Steve Hansen insists quality and not quantity is the vital factor when it comes to experience after seeing New Zealand's young guns blast Ireland out of the World Cup.

Joe Schmidt opted to pick his tried and trusted campaigners for the quarter-final showdown in Tokyo but saw them wilt as the All Blacks ran riot with a 46-14  win - Ireland's worst ever defeat in the tournament.

The Kiwi could have played in-form players like Rhys Ruddock and Jordan Larmour. But instead he chose to go with veterans Peter O'Mahony and Rob Kearney, while 37-year-old Rory Best also started in what turned out to be a painful final game before retiring.

Hansen also had a choice to make himself but opted to go with the youthful exuberance of Jack Goodhue and Anton Lienert-Brown in the centres ahead of more established campaigners Sonny Bill Williams and Ryan Crotty.

It proved to be the right call but Hansen insisted it was no gamble as his side again denied the Irish a first taste of semi-final action.

He said: "Experience is a funny thing. What is it they've experienced? That's the test.

"A lot of our guys have been involved in championship winning teams in Super Rugby and in big moments and that's why you select them.

"Their enthusiasm, excitement and ability to play the game in a formula is really important.

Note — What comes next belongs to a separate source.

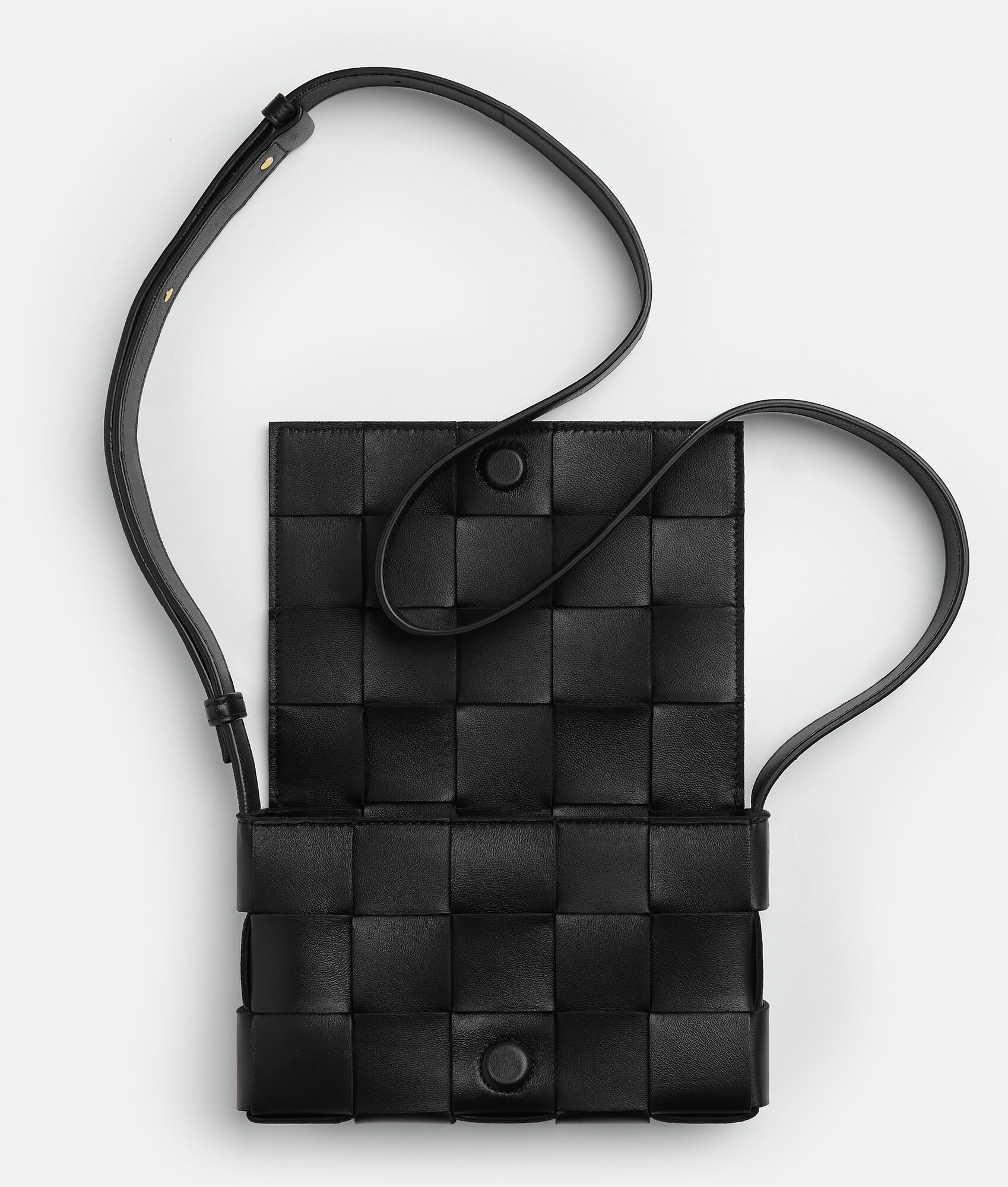 Cross-body bag realised with Intreccio craftsmanship in soft lambskin leather.
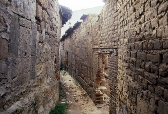 En la imagen de Santiago Bayón Vera, columnista de SALAMANCArtv AL DÍA, la callejuela ruinosa que antaño unía las calles Carnicería y de la Iglesia (1983). Abajo, Cantalpino en 1986 desde el campanario de la Iglesia, en cuya puerta principal aparece la efigie de San Pedro, titular del templo, que aparece debajo.

"Everyone was talking about how many Ireland had. Half of our 23 had played in a knockout match and won it.

"I don't mean to be disrespectful here but Ireland's experience was of not winning, and we had 11 guys with experience of winning.  That's why you've got to be careful when you talk about experience."

Aaron Smith gave the All Blacks the perfect start by scoring twice inside the opening 20 minutes.

Beauden Barrett, Codie Taylor, Matt Todd, George Bridge and Jordie Barrett all bagged tries too as the relentless All Blacks booked a semi-final showdown with Eddie Jones' England in Yokohama on Saturday, 26 October.

"They'll (England) be a massive challenge, but we'll enjoy our moment," said Hansen. "We won't think about England until tomorrow."

The defeat brings down the curtain on Schmidt's six-and-a-half year Ireland reign in the most brutal fashion.

The 54-year-old led his side to three Six Nations titles but failed to negotiate a way past the last eight of the World Cup from two attempts and he admits his latest disappointment had hit him hard.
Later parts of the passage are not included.